_STORED DATA:_
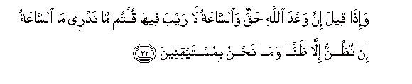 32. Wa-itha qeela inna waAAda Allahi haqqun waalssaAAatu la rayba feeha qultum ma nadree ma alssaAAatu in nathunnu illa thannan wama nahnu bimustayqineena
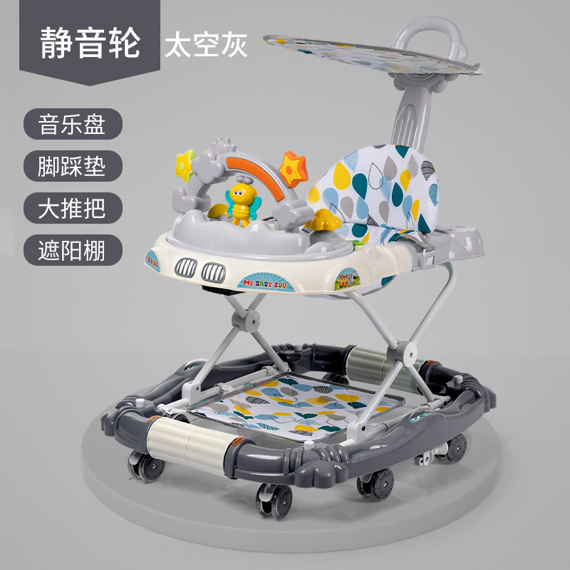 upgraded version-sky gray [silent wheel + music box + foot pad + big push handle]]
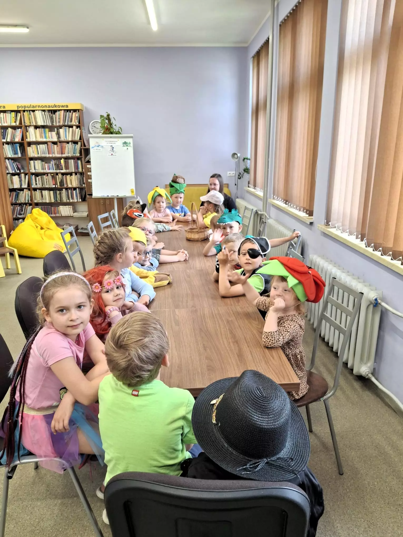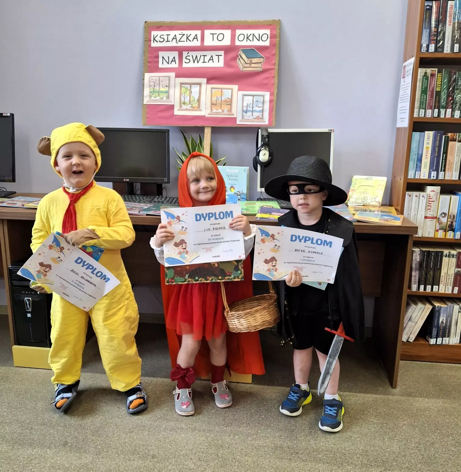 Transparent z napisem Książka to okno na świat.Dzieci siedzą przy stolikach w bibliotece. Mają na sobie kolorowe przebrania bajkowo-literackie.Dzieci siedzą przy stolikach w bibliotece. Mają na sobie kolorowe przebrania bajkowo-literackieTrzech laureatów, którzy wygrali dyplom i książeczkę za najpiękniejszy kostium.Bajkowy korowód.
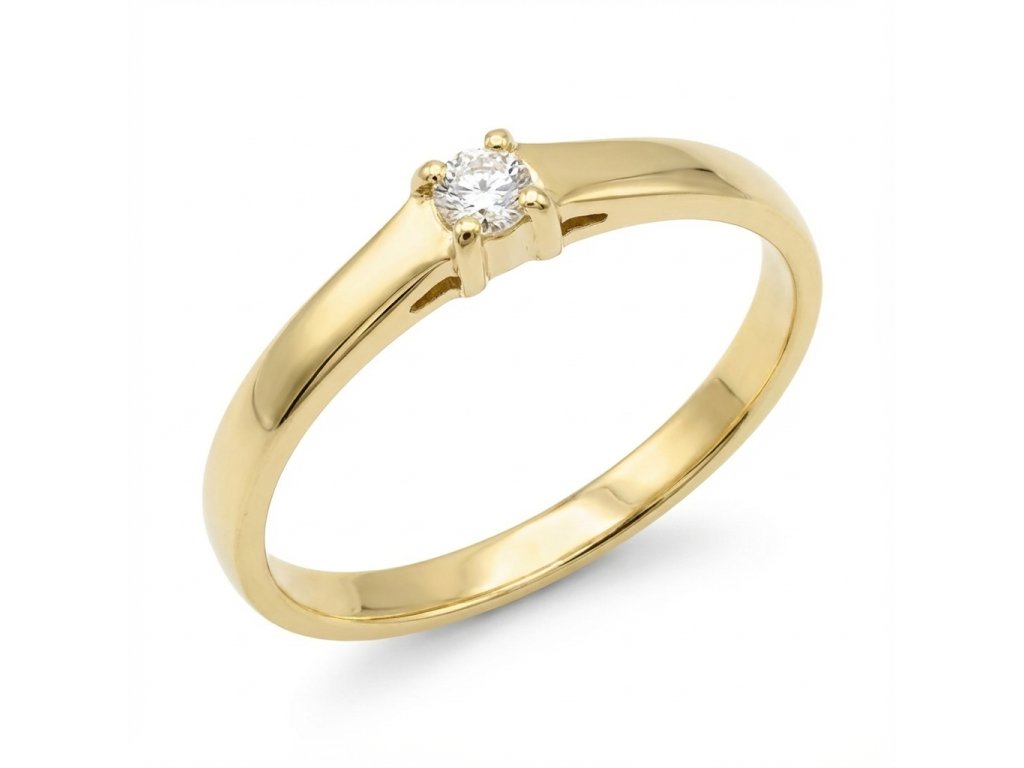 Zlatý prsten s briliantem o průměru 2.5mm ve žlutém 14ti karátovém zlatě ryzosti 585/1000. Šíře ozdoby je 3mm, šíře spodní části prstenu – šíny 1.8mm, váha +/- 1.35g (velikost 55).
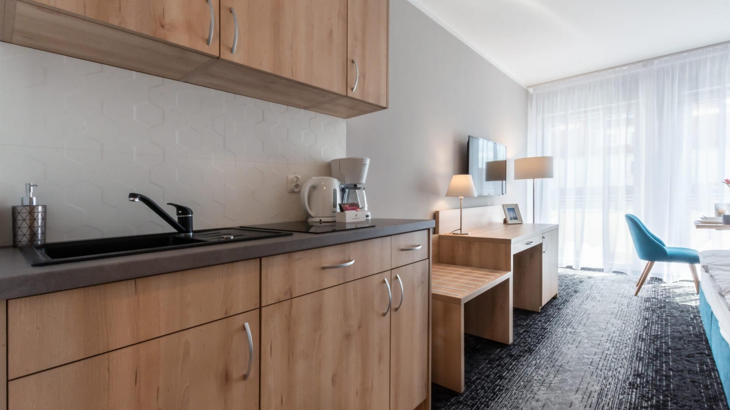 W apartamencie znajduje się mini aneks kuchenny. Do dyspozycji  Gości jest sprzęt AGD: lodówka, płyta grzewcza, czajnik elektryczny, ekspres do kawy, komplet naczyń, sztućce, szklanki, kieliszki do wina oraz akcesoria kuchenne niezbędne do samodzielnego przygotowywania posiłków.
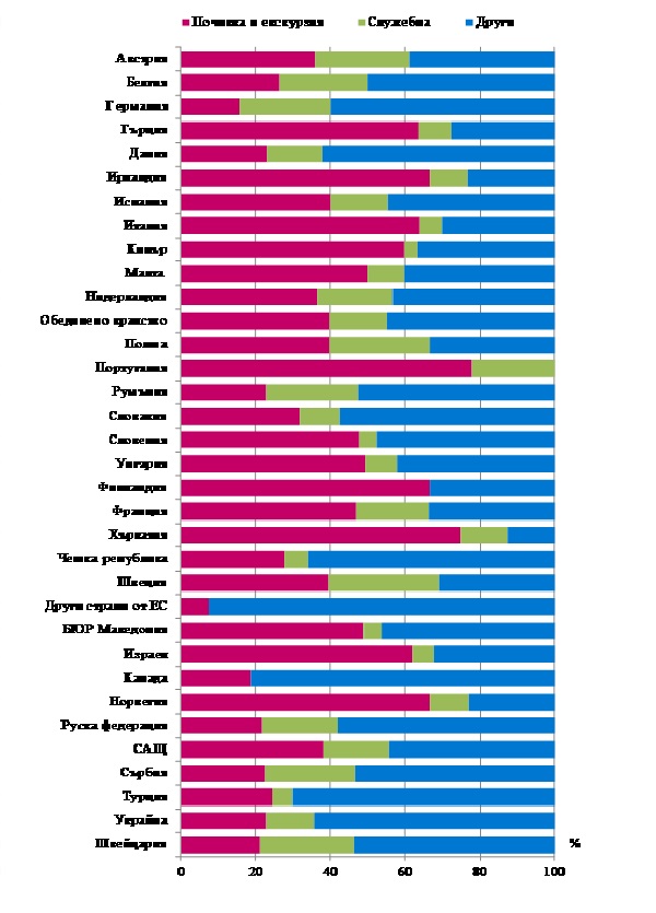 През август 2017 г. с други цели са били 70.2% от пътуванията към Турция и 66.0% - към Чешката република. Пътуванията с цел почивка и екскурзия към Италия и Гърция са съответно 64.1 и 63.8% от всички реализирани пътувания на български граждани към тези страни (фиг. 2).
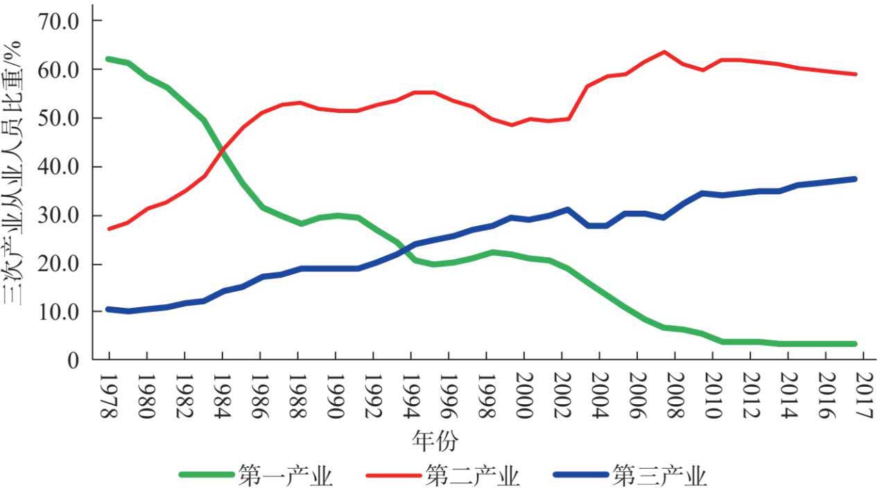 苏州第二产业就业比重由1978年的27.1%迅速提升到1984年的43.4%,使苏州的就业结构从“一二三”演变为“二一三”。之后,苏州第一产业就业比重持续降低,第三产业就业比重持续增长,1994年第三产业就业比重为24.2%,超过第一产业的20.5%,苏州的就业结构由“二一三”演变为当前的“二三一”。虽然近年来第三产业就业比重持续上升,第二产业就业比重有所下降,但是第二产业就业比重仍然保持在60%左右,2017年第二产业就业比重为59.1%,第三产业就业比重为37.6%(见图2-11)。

* * *

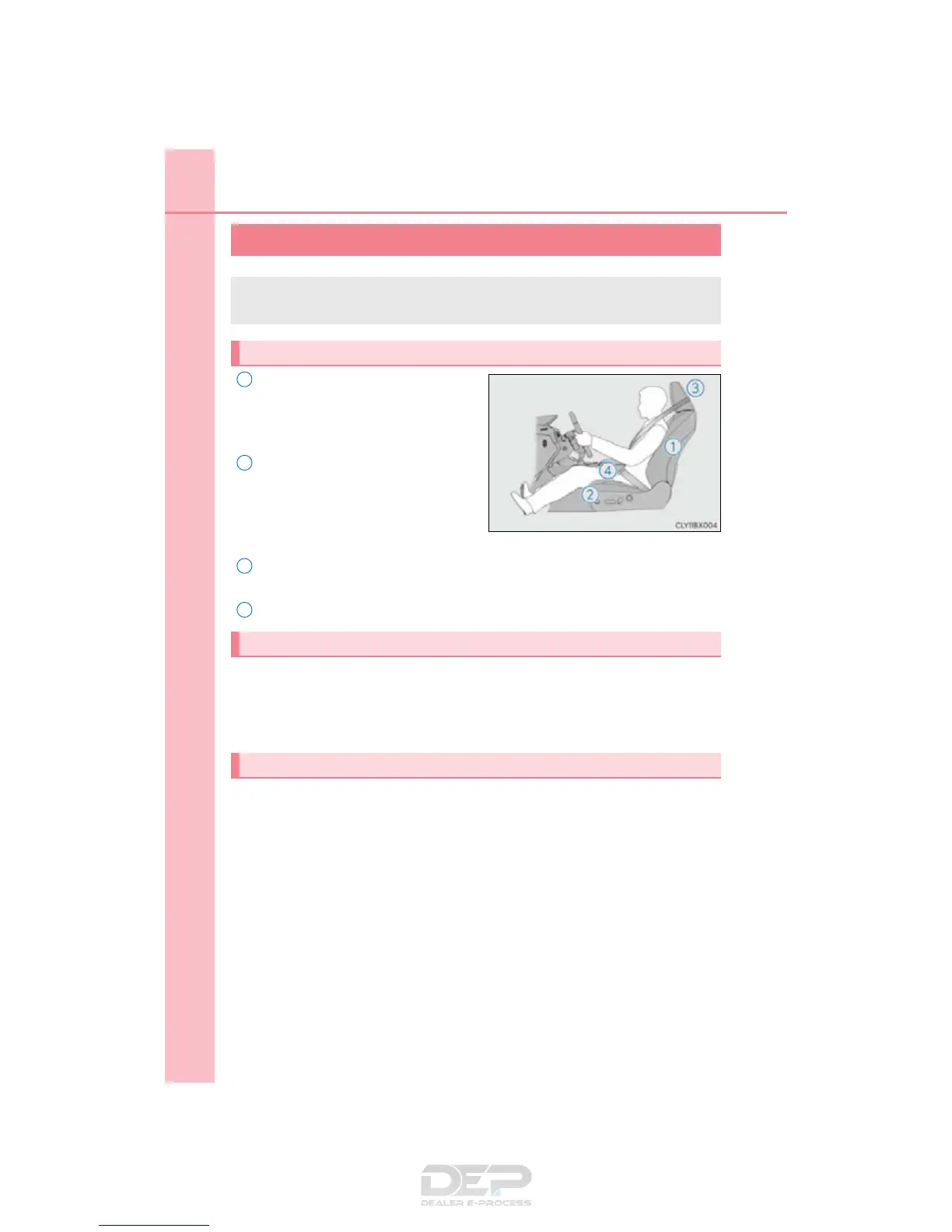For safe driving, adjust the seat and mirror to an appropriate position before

_WORK ORDER:_
Lines wanted from the entries above: the one with "Transparent z napisem", the one with "Zlatý prsten s", and all lines between. Please copy them exactly, without the pictures and without anything else.

_ANSWER TO THIS EXERCISE:_
 Transparent z napisem Książka to okno na świat.Dzieci siedzą przy stolikach w bibliotece. Mają na sobie kolorowe przebrania bajkowo-literackie.Dzieci siedzą przy stolikach w bibliotece. Mają na sobie kolorowe przebrania bajkowo-literackieTrzech laureatów, którzy wygrali dyplom i książeczkę za najpiękniejszy kostium.Bajkowy korowód.
 Zlatý prsten s briliantem o průměru 2.5mm ve žlutém 14ti karátovém zlatě ryzosti 585/1000. Šíře ozdoby je 3mm, šíře spodní části prstenu – šíny 1.8mm, váha +/- 1.35g (velikost 55).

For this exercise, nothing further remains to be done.